BY KATIE BRENNAN
Did Standard and Poor’s ignore its own standards? The Justice Department is suing S&P, accusing the credit rating agency of fraud for knowingly understating the risk of mortgage investments. CNN provides some context.
“Remember those glowing ratings that S&P gave to the subprime mortgage investments in 2007? oh those subprime mortgages investments that were all flops! //flash// and almost took down the global economy”
The New York Times explains the suit specifically accuses S&P of scheming to defraud investors from September 2004 through October 2007.
But Standard and Poor’s is denying all wrongdoing, saying it made the same assumptions the rest of the world did when it considered the investments safe.
S&P made a statement before the lawsuit was even filed saying it is “without legal merit and unjustified” and that S&P “will vigorously defend against erroneous claims.”
An analyst on CNBC explains, S&P wanted to make its opening statement to the media, which would essentially serve as the jury the DOJ will try to convince.
“They are going to have to find some smoking bazooka in order to get a jury to actually convict.

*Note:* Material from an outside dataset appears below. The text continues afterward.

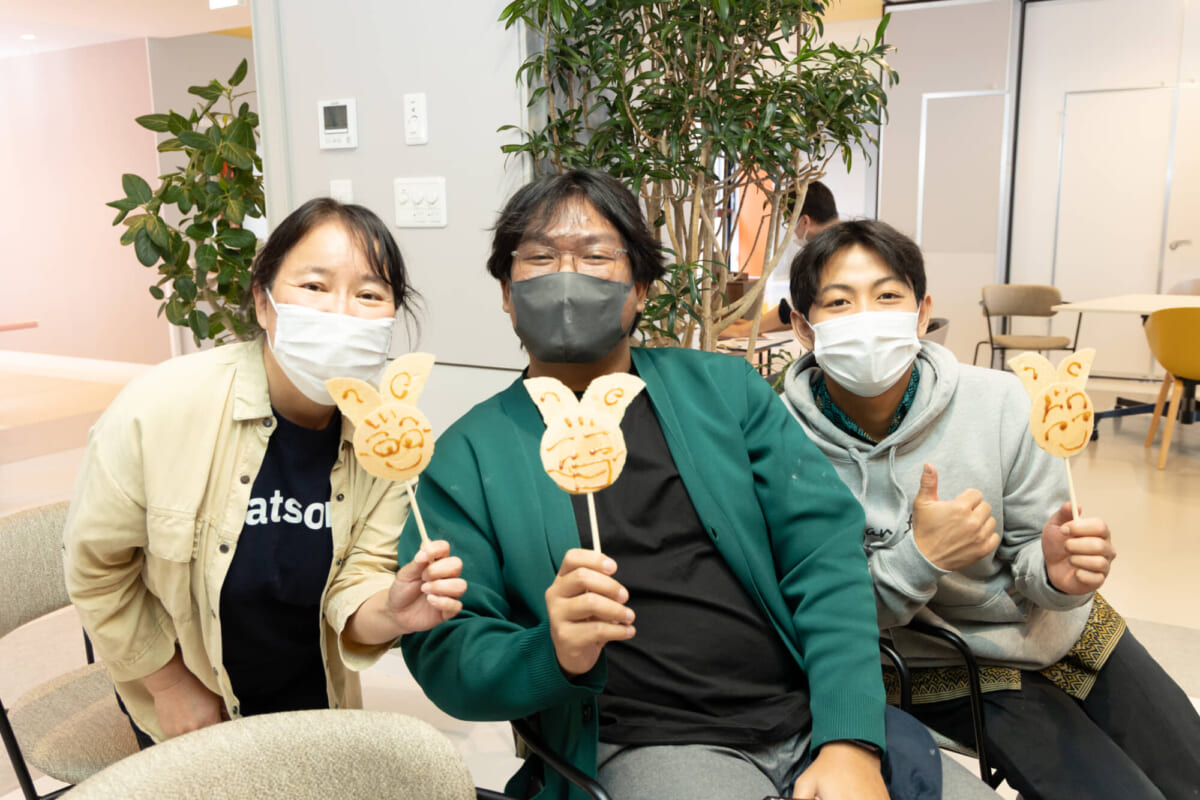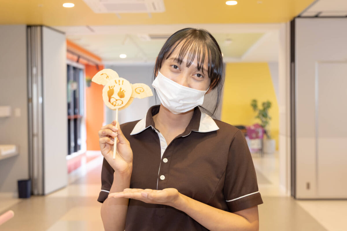 せんべいを配る際には、受け取る人の似顔絵をソースを使ってその場で描くという演出も。せんべいを受け取った人たちは、「自分の顔そっくり!」と言いながら自撮りをするなどして楽しんでいました。また、せんべいが食べられない人には、成功すると景品がもらえる“カタヌキ”が配られました。

So they are going to do what federal prosecutors always do. They are going to vilify this company in the media.”
Standard and Poor’s is not the only rating agency that gave the risky investments higher-than-deserved ratings; Moody’s, Fitch and others did as well... so why is the DOJ singling only S&P out? One blogger points out S&P started a chain reaction when it became the first rating agency to downgrade U.S. debt, prompting Washington to...
“Announce civil charges against S&P and scare the hell out of the others so that not a single one will dare speak again of downgrading U.S. creditworthiness!”
But the DOJ is standing strong in its conviction S&P defrauded the taxpayer by scheming against a federally insured institution.